Depuis la nuit des temps, les cultures musicales s’entrecroisent et défient tous les cloisonnements érigés par les humains les plus bornés mais… Il est encore permis de croire que le monde classique occidental reste fermé sur lui-même et que les communautés non classiques restent peu enclines à s’ouvrir aux grandes œuvres de lignée occidentale.
Vraiment? Rien n’est moins sûr.
À titre d’exemple éloquent, PAN M 360 vous suggère le récit de cette amitié sincère et durable entre le pianiste Charles Richard-Hamelin et Charles-David Dubé alias Le Havre, compositeur/beatmaker/réalisateur du groupe BAAB et partenaire de la chanteuse Mariève Harel-Michon que notre collègue Elsa Fortant a interviewés pour la sortie récente de l’album Rédactions tranquilles – lisez son texte ICI.
On y verra que l’amitié sincère entre artistes d’horizons différents se fondent sur une ouverture à l’autre et à une compréhension mutuelle des langages musicaux. Que le chemin vers la musique classique peut s’entrelacer d’autres expériences et s’en nourrir. Et que ça peut être idem dans l’autre direction.
PAN M 360 : Charles Richard-Hamelin, tu as chaleureusement suggéré l’écoute de BAAB, dont les membres sont des amis proches. Charles-David Dubé, tu nous en apprendras de ton côté sur tes liens avec Charles et ses musiques de prédilection. Messieurs, racontez!
CHARLES-DAVID DUBÉ : On se connaît depuis 2008. On avait fait connaissance sur la plateforme MySpace – supplantée depuis par Bandcamp et Soundcloud. Je ne me souviens plus exactement, on a un débat là-dessus au moins une fois par an, je ne sais plus qui a écrit à qui… c’est peut-être moi finalement (rires).
CHARLES RICHARD-HAMELIN : Je finissais alors mon DEC au cégep de Joliette, j’y étais le seul étudiant en piano classique. Il y avait une trentaine de guitaristes électriques, une quinzaine de batteurs, etc. J’étais inscrit là parce que je viens de Joliette et mon prof que j’avais depuis l’âge de cinq ans y enseignait. Alors c’était naturel et simple pour moi d’y rester afin de poursuivre avec lui.

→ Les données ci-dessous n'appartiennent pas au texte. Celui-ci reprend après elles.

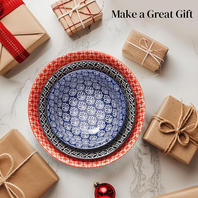 - Special Patterns: The beautiful patterns design and vibrant colors are all made with exquisite craftsmanship, which makes each mixing bowl unique. These mixing bowls can not only make your dining table any longer monotonous but also bring an appetite to you and your family.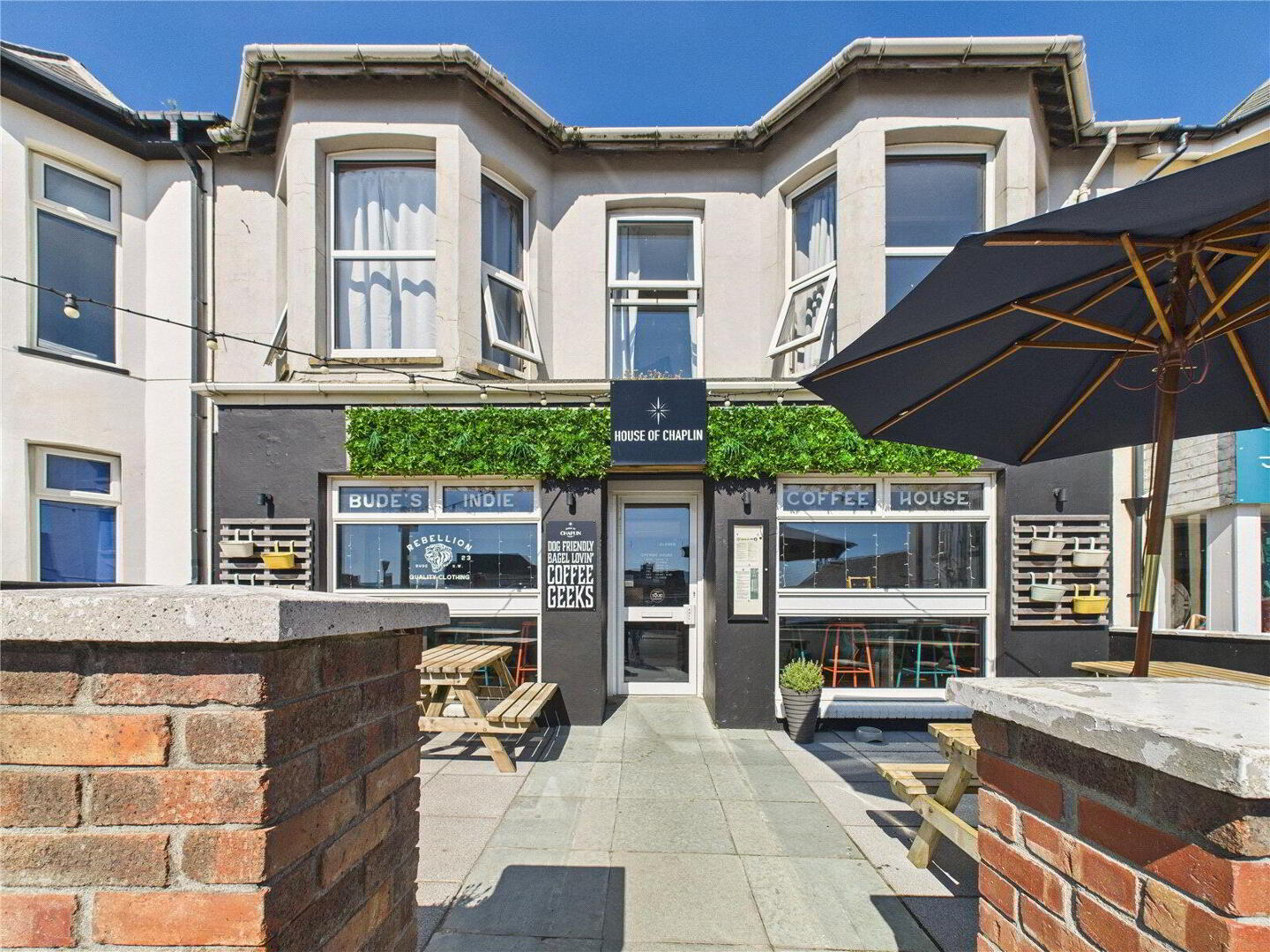 The ground floor is home to a popular and well-established café/retail business, trading from a generous open-plan shop space with kitchen, office, storage, and WC facilities. The unit benefits from excellent street visibility and forms part of a vibrant pedestrianised area in the heart of Bude.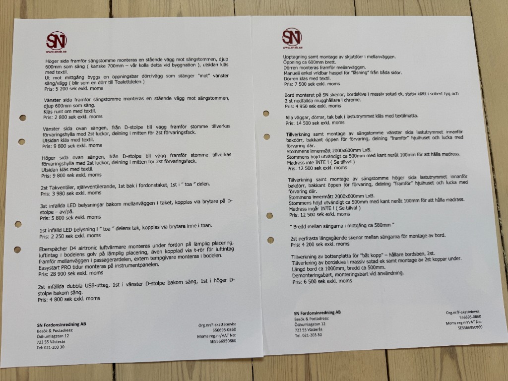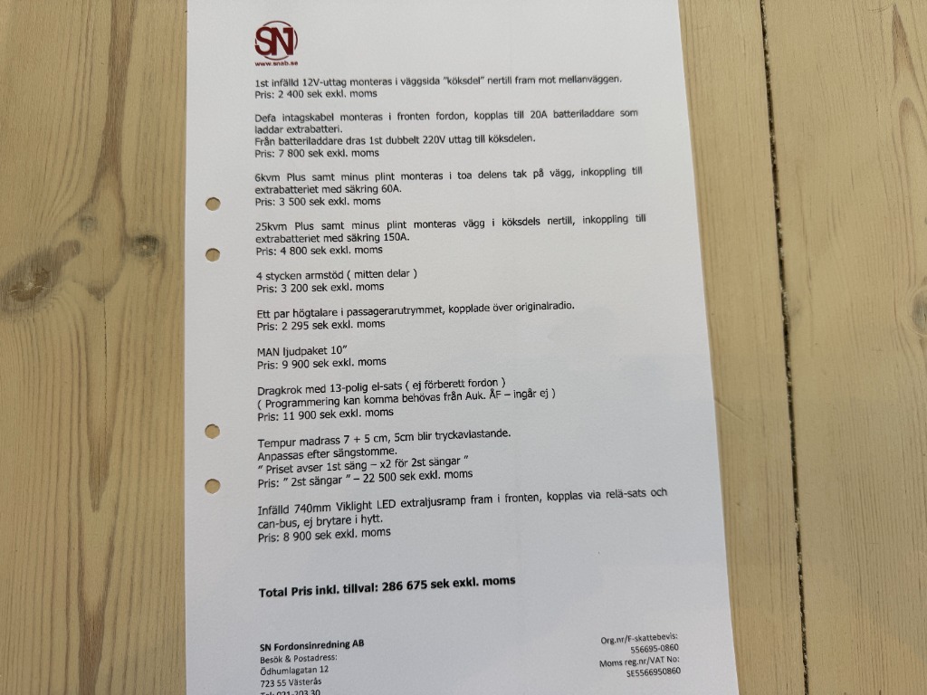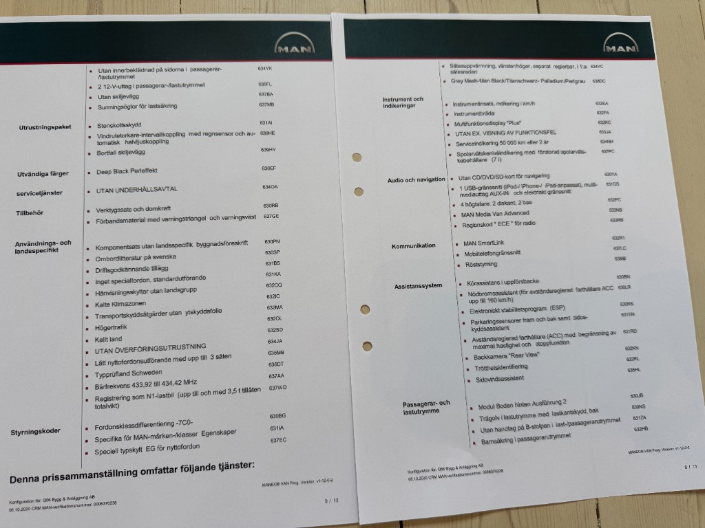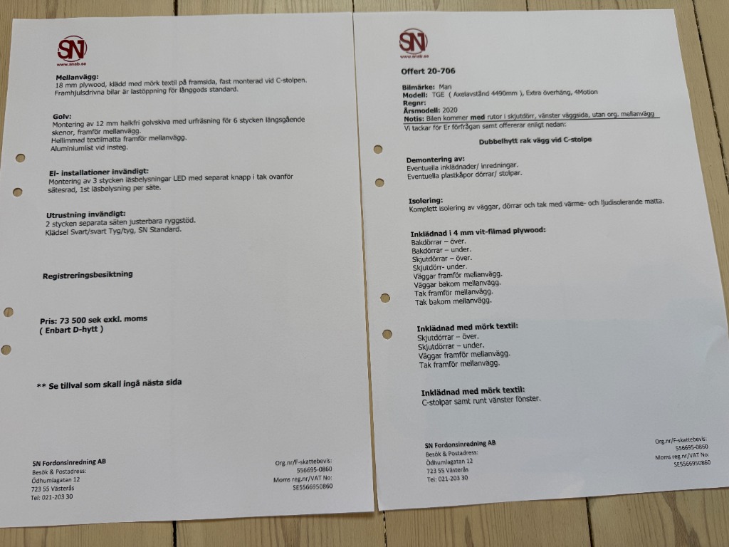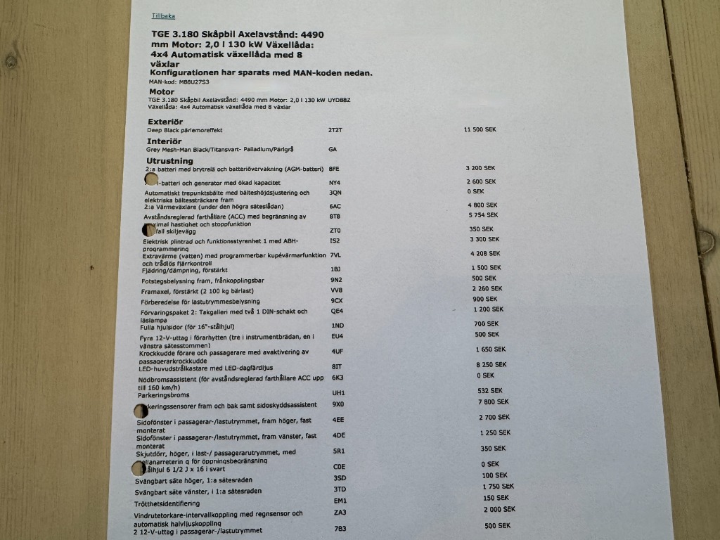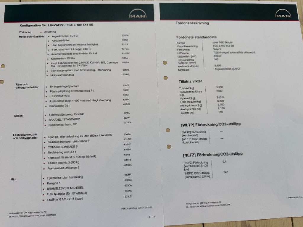 - AnteckningarLastbilsregistrerad SN byggnation inredning Dieselvärmare 2 kW fram Dieselvärmare 6 kW skåp Registrerad för 4 passagerare 2 passagerar stolar bak 4 WD Parkeringsradar Rattvärme Ledramp fram Kök Kylskåp Led innerbelysning Utökat ljudsystem Extra batteri med laddare Drag Sommardäck Vinterdäck 2 nycklar Se dokument för fullständig specifikation

Avec des amis, j’avais fondé le Suprême Quartet De Luxe, claviers, guitare, basse, batterie. On jouait des compositions de mon cru, quelque part entre rock progressif et jazz fusion. Au concours Cégep en spectacle en 2008, on avait même gagné une tournée en France. J’avais alors monté une page MySpace avec des maquettes de ma musique, il y avait aussi un vidéo du band et une autre où je jouais du Prokofiev. C’est ce que Charles-David avait repéré.
CHARLES-DAVID DUBÉ : Ton band, surtout toi et ton batteur Olivier Bernatchez qui est devenu mon ami et proche collaborateur, m’avaient impressionné. Je voulais alors travailler avec des instrumentistes plus calés.
PAN M 360 : Quels étaient vos goûts musicaux à l’époque de vos premières rencontres ou même avant ?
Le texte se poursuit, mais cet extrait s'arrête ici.